Tibetan justices are back, saying they only recused themselves for fair resolution of their sacking decision

Chief Justice Sonam Norbu Dagpo (center), Justice Karma Damdul (left), and Justice Tenzin Lungtok. (Photo courtesy: TT)

(TibetanReview.net, May24’21) – The three justice commissioners of the Supreme Justice Commission (TSJC), including the Chief Justice Commissioner, of the Central Tibetan Administration are back in office.

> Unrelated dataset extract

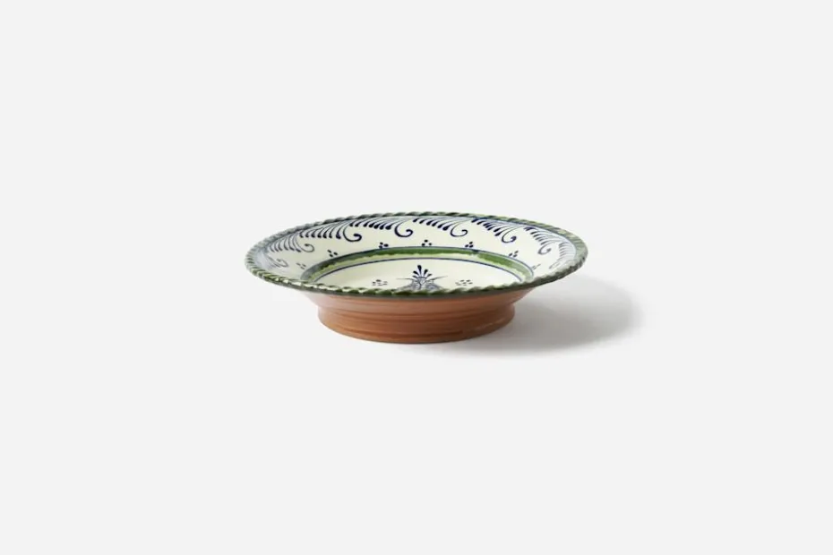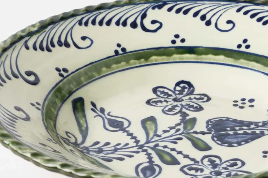 Denna porslinsservis med blå blommor drejas och målas för hand i Rumänien. Den är skapad efter antika, transsylvaniska keramikföremål som bär kulturella influenser från Balkan och Italien i söder, Europa i väster och Osmanska riket och Asien i öster. Keramiken bränns tre gånger i över 1000 grader, vilket gör färgerna skarpa och klara.

They said in an announcement May 24, following their resumption of office, that they had never accepted the illegal decisions of the Tibetan Parliament in Exile (TPiE) on May 25 to remove them from office, but only recused themselves for the time being in the interest of justice.

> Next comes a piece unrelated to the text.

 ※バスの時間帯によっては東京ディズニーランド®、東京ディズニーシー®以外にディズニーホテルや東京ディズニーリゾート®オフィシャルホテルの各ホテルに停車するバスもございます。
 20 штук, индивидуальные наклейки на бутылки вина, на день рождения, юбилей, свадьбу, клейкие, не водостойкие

The justice commissioners suggested in their announcement that they recused themselves to allow time for the illegal decision to be corrected by the pursuant courses of events but this had now been rendered impossible by the cancellation of the May 24 additional session of the 16th Tibetan Parliament in Exile due to lack of quorum.

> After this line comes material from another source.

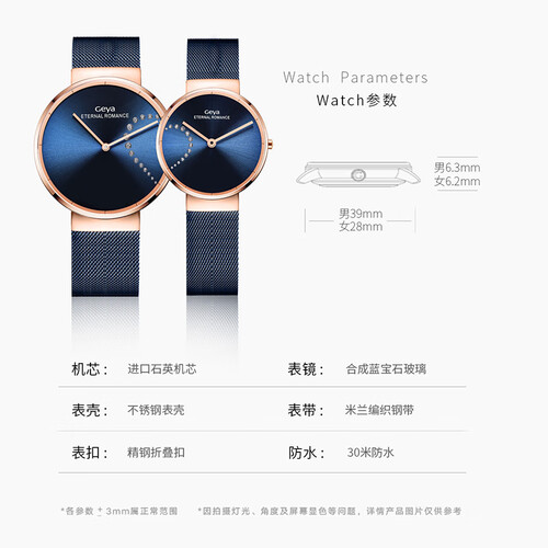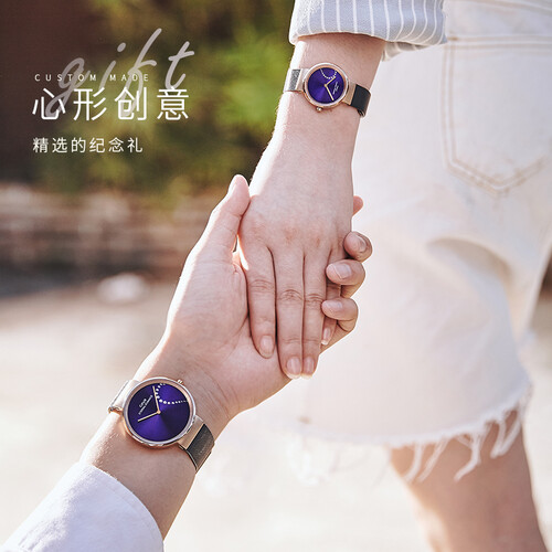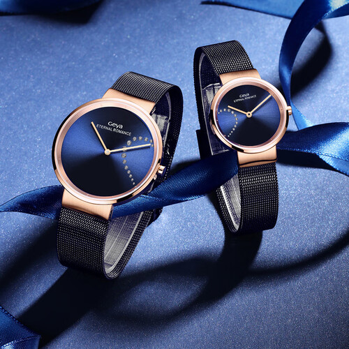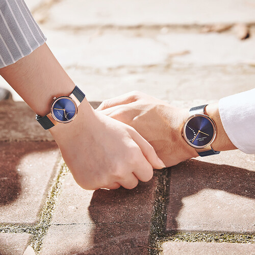这款石英表采用了无刻度和大二针的设计,显得整个表盘很简约干净,同时让你日常的读时更轻松。整体采用蓝色调设计,显得很深邃。

The justice commissioners suggested that they had become a party interested in the outcome of any potential resolution of the question about the legality of the TPiE’s decision to try to remove them from office and therefore decided to stay away from office in the interest of ensuring natural justice.

The justice commissioners said in their announcement: “In order that our Tibetan brethren living in Tibet may not feel concerned and disappointed, for the sake of the steadfast sustenance of the Central Tibetan Administration, for the purpose of safeguarding the Tibetan democratic system, for reviving the Charter of Tibetans in Exile, for the purpose of restoring the three-pillars strength of Tibetan democracy, for ensuring harmony in the Tibetan community in exile, and, in particular, in order not to cause nuisance to His Holiness the Dalai Lama, we have decided to resume our office and its duties.”

They said the real danger in the face of the looming ending of terms of the present Sikyong and the 16th Tibetan Parliament in Exile in the absence of the TSJC, which plays a vital role in the transition, was that “we will be left devoid of all the three pillars of Tibetan democracy.”

A harried Standing Committee of the Tibetan Parliament in Exile, which saw all its moves thus far to replace the justice commissioners with new ones thwarted by controversies, public outcries, and Covid-19 restrictions, has criticized the justice commissioners’ move, calling it a defiance of the Charter of Tibetans in Exile, but did not say how.

The parliament’s decision to sack the justice commissioners has been severely criticized for its blatant illegality by commentators, analysts, and scholars alike.